The appropriate use and interpretation of blood cultures and wound cultures will be discussed in more detail in subsequent publications.
What do the characteristics of urine tell us?
The removal of urine is critical for the proper functioning of several body systems. When it comes to water regulation, for example, it also eliminates compounds that are created during metabolic processes but are no longer necessary for the body to function properly. Toxic compounds found in food or medication are examples of this. Tests on the urine can aid in the early detection of disorders of the urinary system, as well metabolic diseases such as diabetes and liver disease. The color, odor, and volume of pee in the urine can all suggest whether or not there is a problem.
Urine that is cloudy or flaky might indicate the presence of a urinary tract infection.
At order to learn more, the urine must be examined either with a test strip or in a laboratory.
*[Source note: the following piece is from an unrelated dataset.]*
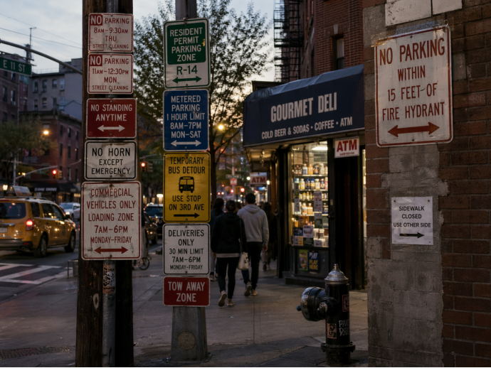 生成一张纽约街头的写实照片,傍晚自然光。路边电线杆和墙面上有大量真实城市标识,包括停车规则、清扫时间、禁止鸣笛、装卸区说明、居民停车许可证提示、公交临时改道告示。要求至少出现10块不同尺寸的牌子,英文内容清晰、风格像真实市政系统,透视统一,材质真实。街景里可以有出租车、消防栓、行人和便利店,但重点是这些标牌要像真的存在于同一条街上,而不是一堆漂浮的文字贴片。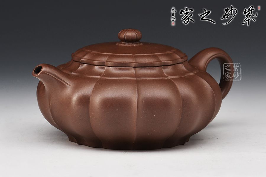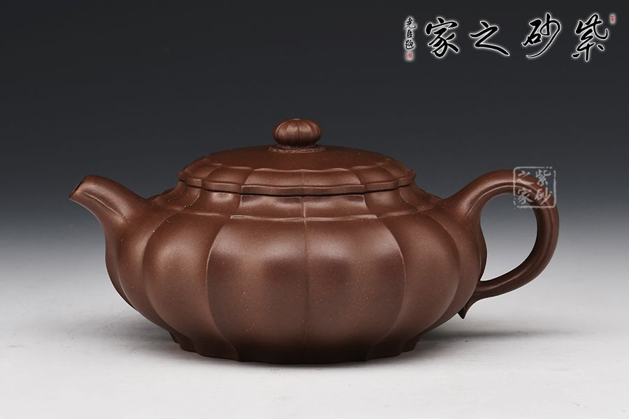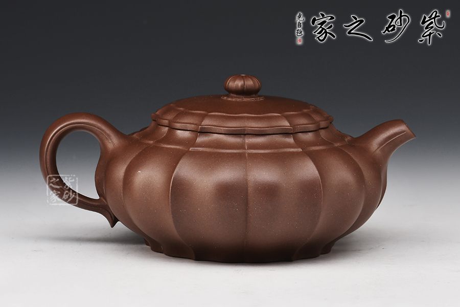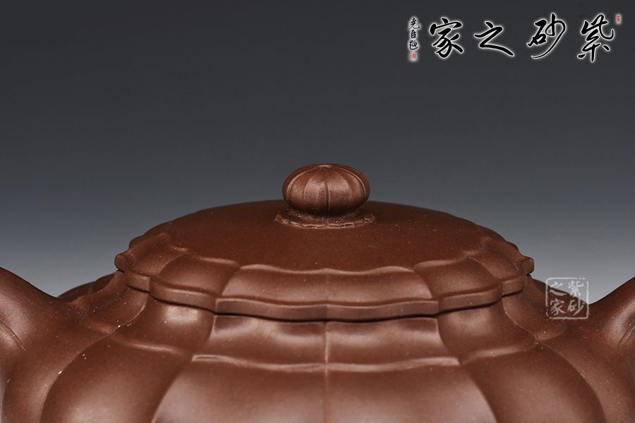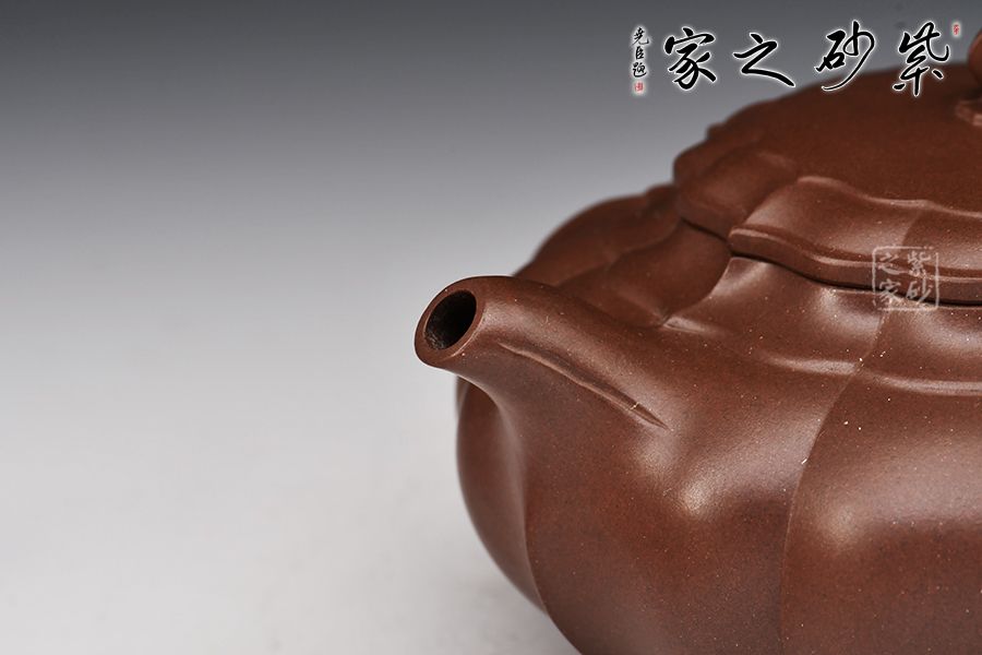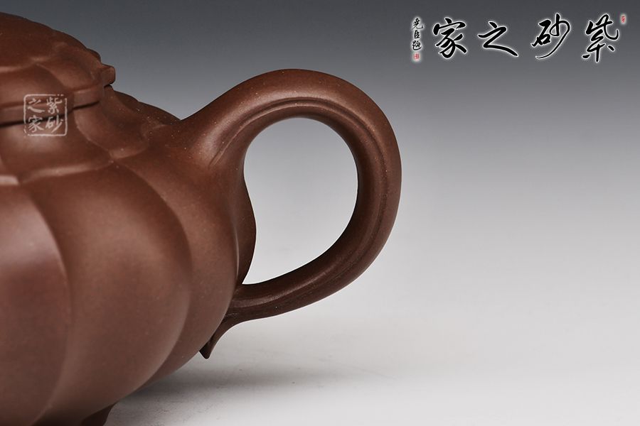 此壺壺體雄健渾厚、圓潤(rùn)適度,莊重肅穆卻不失靈逸,虛實(shí)之間收放有道。壺身筋紋凹凸相間,比例勻稱,壺蓋壺鈕與壺身線條吻合,一彎嘴順和秀麗,圈把圓韻相扣。

Two of them can also be completed at home, however the other three must be completed in a laboratory setting.
How do you give a urine sample?
A sample of urine can be contaminated by germs, cells, and other contaminants, therefore it is a good idea to thoroughly clean the genital region with water – rather than soap – before providing the sample. The use of “clean” midstream urine is necessary in order to obtain an accurate result while avoiding bacterial contamination.
By stopping the flow of pee after a few seconds and then collecting the middle section of the urine in a cup, you may get a sample of midstream urine. When you go in for your specific test, your doctor will let you know if there is anything else you should be concerned about.
Rapid urine test
A fast pee test is the most efficient method of testing urine. A test strip with little square colored fields on it is dipped into the urine sample for a few seconds, and the results are read out loud. After then, you’ll have to wait a little while for the outcome to be revealed. The color of the fields on the test strip changes depending on the concentration of the specific chemical you are testing for at the time of the test. The colors of the fields are then compared to a color table to determine which is the most accurate.
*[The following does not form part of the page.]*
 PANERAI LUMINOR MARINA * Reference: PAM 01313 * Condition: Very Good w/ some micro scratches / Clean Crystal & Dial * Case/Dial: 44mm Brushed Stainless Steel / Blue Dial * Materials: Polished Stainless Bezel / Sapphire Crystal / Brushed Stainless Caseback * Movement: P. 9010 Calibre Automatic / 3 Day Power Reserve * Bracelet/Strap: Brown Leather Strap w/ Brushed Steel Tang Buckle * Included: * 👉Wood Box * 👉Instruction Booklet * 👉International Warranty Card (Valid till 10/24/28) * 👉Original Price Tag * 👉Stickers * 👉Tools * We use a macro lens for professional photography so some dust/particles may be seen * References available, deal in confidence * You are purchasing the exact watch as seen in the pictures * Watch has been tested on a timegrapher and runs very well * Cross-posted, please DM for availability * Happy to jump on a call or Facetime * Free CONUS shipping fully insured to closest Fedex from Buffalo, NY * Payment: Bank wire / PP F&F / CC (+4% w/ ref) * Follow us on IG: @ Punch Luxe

- It demonstrates which colors correspond to normal and abnormal levels.
- It is common practice to do rapid urine tests as part of normal exams, such as those performed at a family doctor’s office, during prenatal visits, when a patient is being admitted to the hospital, or before to surgery.
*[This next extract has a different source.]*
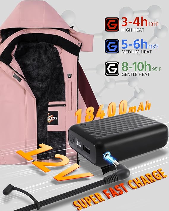 - Calor sin fin todo el día: potencia todo el día con confianza, gracias a la batería de larga duración de 16000 mAh 7.4 V que te mantiene caliente durante horas.

- It is used by certain persons with diabetes to check their blood sugar levels.
- A prescription is not required for the test strips, which may be purchased at any pharmacy or over the internet.
What substances can a rapid urine test detect?
Due to the fact that several compounds are typically detected in only specific concentrations in urine, greater or lower levels indicate a divergence from the normal range. A quick urine test can be used to screen for the presence of the following substances:
- Acidity of the urine is measured by the PH value (pH value). According to diet, normal values vary from around 5 to 7
- Values under 5 are too acidic, whereas values above 7 are not acidic enough
- Normal values range from about 5 to 7
- Protein (which is seldom seen in urine)
- Sugar (glucose, which is not often detected in urine)
- Nitrite (which is not typically found in urine)
- Ketone (which is a metabolic product, which is not typically seen in urine)
- It contains bilirubin, which is a breakdown component of hemoglobin that is not normally detected in urine. Urobilinogen (a bilirubin breakdown product that is not typically seen in urine)
- Urobilinogen (a bilirubin breakdown product that is not usually found in urine)
- Red blood cells (erythrocytes), which are not often detected in urine
- White blood cells (leukocytes), which are also not typically seen in urine
- And platelets.
What do the results tell us?
If the findings are beyond the usual range, you can use the package insert or the color chart on the package to establish whether they are outside the normal range. In order to determine whether or whether there is an increased risk of producing urinary stones, the pH value, for example, can be measured. As a result, if the pH level is excessively acidic, this will occur (if the value is below 5). A pH level greater than 7 may indicate the presence of a bacterial urinary tract infection. Tests that measure other things can aid in the detection of additional problems:
- The presence of high protein levels may indicate the presence of nephritis (kidney inflammation). High blood sugar is indicated by the presence of ketones and sugar in the urine. The presence of leukocytes or nitrite may indicate the presence of a bacterial infection.
If the findings of the test are abnormal, you should consult with a doctor. The findings of quick urine tests are not always trustworthy, just as they are with other tests. As a result, it may be beneficial to have a more in-depth test performed in a laboratory.
Urinalysis is a first-line basic test that evaluates the key characteristics of the blood. It is routinely conducted when patients are admitted to the hospital or before surgery as part of a regular assessment and is also performed frequently while people are undergoing surgery.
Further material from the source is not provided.